Transcribe the entries below exactly, starting with the line that has "Stap5: Herhaal stap" and stopping after the line that has "ದೀಪಾವಳಿ ಹಬ್ಬದ ಶುಭಾಶಯಗಳು..!"; no pictures belong in the copy.

EXCERPTED RECORDS:
┌──

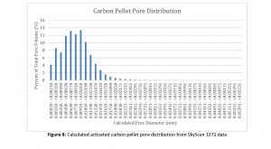 Figure 8: Calculated activated carbon pellet pore distribution from SkyScan 1272 data
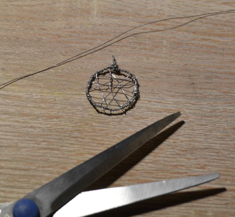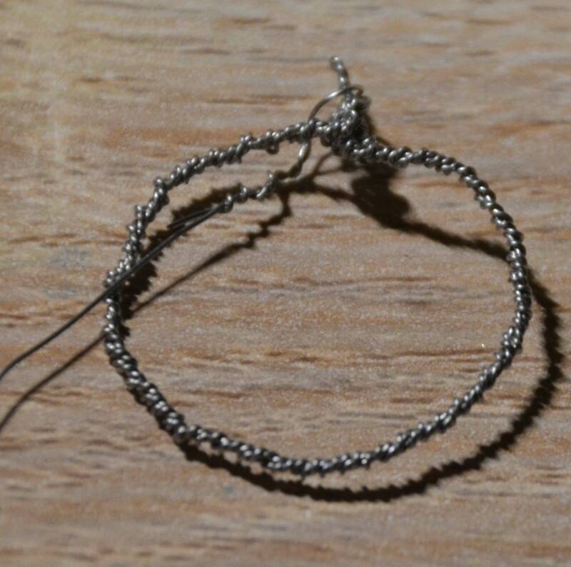 Stap5: Herhaal stap 2, 3 en 4 met je gedraaide ijzerdraad. Let wel op dat je in het midden een opening laat als lus.
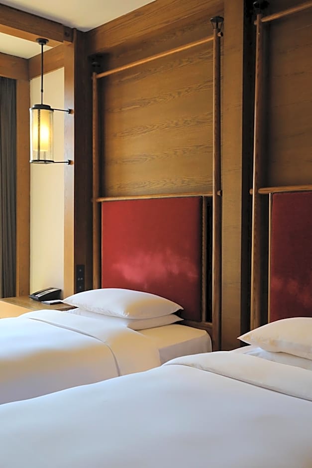 Mountain-resort style, light brown decor and solid wood furniture welcome visitors to this 45-sqm guestroom furnished with two twin beds and a daybed. Room offers free access to the club lounge.
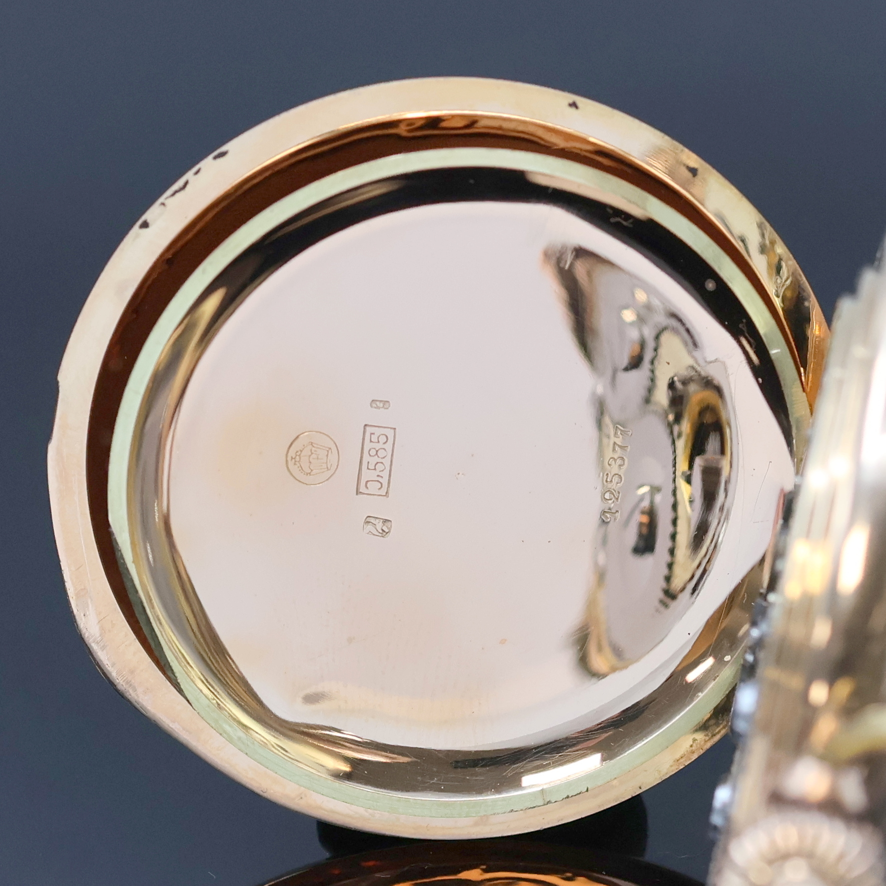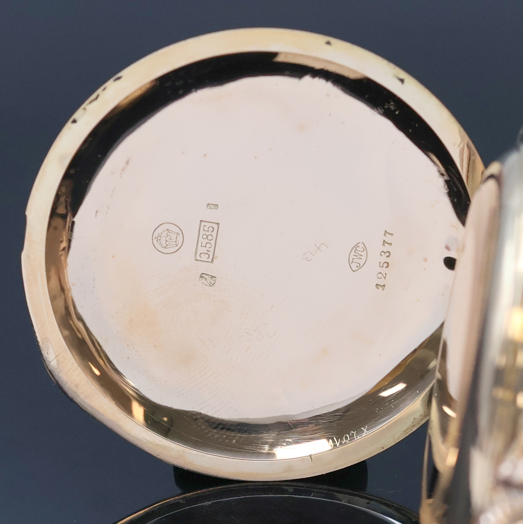 IWC Herrensavonette in RG 585/000, Schweiz um 1895, guill. 3-Deckel-Goldgeh. dell./
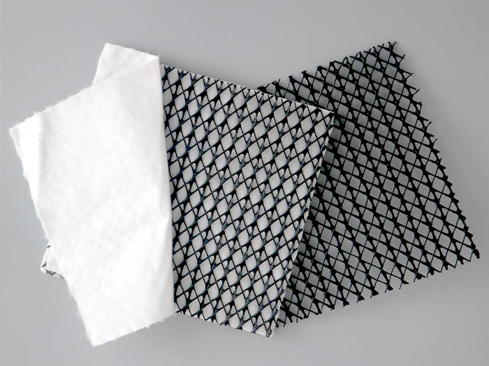 2.土工復(fù)合排水網(wǎng):采用熱粘工藝在土工排水網(wǎng)的一面或者兩面復(fù)合具有反濾作用的土工布而形成的土工排水材料。
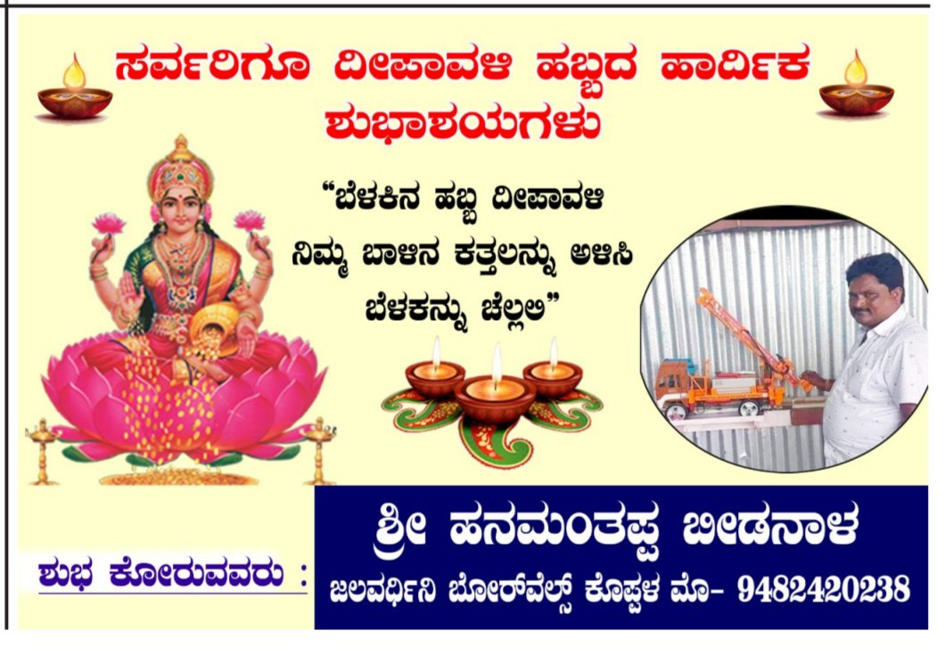 – ನಾಡಿನ ಸಮಸ್ತ ಜನತೆಗೆ ದೀಪಾವಳಿ ಹಬ್ಬದ ಶುಭಾಶಯಗಳು..!
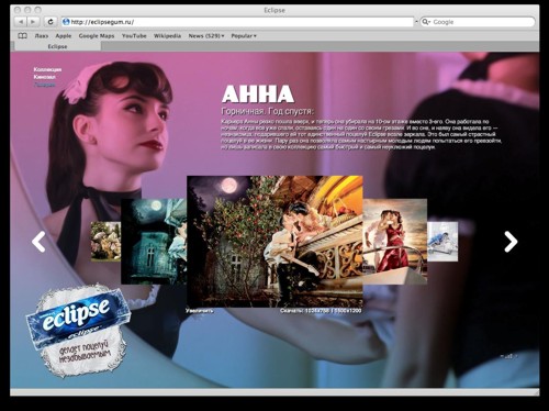 Поцелуй BBDO Moscow забыть невозможно. Новые ролики Eclipse19 мая на телеканалах, в наружной рекламе, прессе и Интернете началась новая рекламная кампания в поддержку бренда Eclipse, разработанная агентством BBDO Moscow.В коммуникации с потребителем бренд Eclipse всегда рассказывал истории о близости между мужчиной и женщиной, главным элементом которых была долгая свежесть дыхания. На этот раз в телевизионном ролике девушки вспоминают самые незабываемые в жизни поцелуи. "Идея кампании "Незабываемый поцелуй" базируется на простом инсайте, - рассказывает креативный директор BBDO Moscow Татьяна Тютюнник,- любому парню лестно, если девушка будет вспоминать, как она с ним целовалась. Даже если это был просто мимолетный поцелуй…" Но в памяти остаются не все поцелуи. Eclipse настолько сильно освежает дыхание, что поцелуй с ним становится поистине незабываемым. В ролике с помощью Eclipse главный герой оставляет незабываемый след в памяти всех трех девушек (их историю можно проследить на сайте www.eclipsegum.ru). В прессе и наружной рекламе утверждается, что нет необходимости притворяться кем-то, чтобы твой поцелуй был незабываемым - для этого всего лишь необходимо жевать Eclipse. В качестве стилистики для ролика и биллбордов был выбран модный сегодня pin-up стиль 40-х годов. Съемки проходили в Бразилии, в отеле, построенном именно в эти годы. Сейчас он уже не функционирует, а используется только для подобных съемок и вечеринок. Состав творческой группы Клиент: Wrigley Group brand manager: Johnny Heiselberg Brand manager: Иван Федоров Агентство: BBDO Moscow Управляющий директор: Макс Такер Креативный директор: Татьяна Тютюнник Директор по работе с клиентами: Марина Вершинина Старший менеджер по работе с клиентами: Александр Беляков Директор по стратегическому планированию: Полина Васильева Арт-директор: Ралука Строе Копирайтер: Илья Петров Продюсеры: Елена Гажевская, Елена Васюкова Продакшен ролика: Directors Film Company Продюсер: Richard H. Coll Режиссер: Hadi Продакшен фотосъемки: Carioca Продюсеры: Mircea Dicu, Marius Erhan Фотограф: Dragos Coman Сайт и баннеры: BBDO Interactive Руководитель проекта: Александр Иванов (управляющий директор BBDO Interactive) Творческий директор: Павел Соловьев Дизайнер: Артем Ефимцев Флеш-программист: Роман Трушков Флеш-аниматор: Владимир Данилов Баннер-мейкер: Антипов Алексей |

└──

EXERCISE OUTPUT:
 Stap5: Herhaal stap 2, 3 en 4 met je gedraaide ijzerdraad. Let wel op dat je in het midden een opening laat als lus.
 Mountain-resort style, light brown decor and solid wood furniture welcome visitors to this 45-sqm guestroom furnished with two twin beds and a daybed. Room offers free access to the club lounge.
 IWC Herrensavonette in RG 585/000, Schweiz um 1895, guill. 3-Deckel-Goldgeh. dell./
 2.土工復(fù)合排水網(wǎng):采用熱粘工藝在土工排水網(wǎng)的一面或者兩面復(fù)合具有反濾作用的土工布而形成的土工排水材料。
 – ನಾಡಿನ ಸಮಸ್ತ ಜನತೆಗೆ ದೀಪಾವಳಿ ಹಬ್ಬದ ಶುಭಾಶಯಗಳು..!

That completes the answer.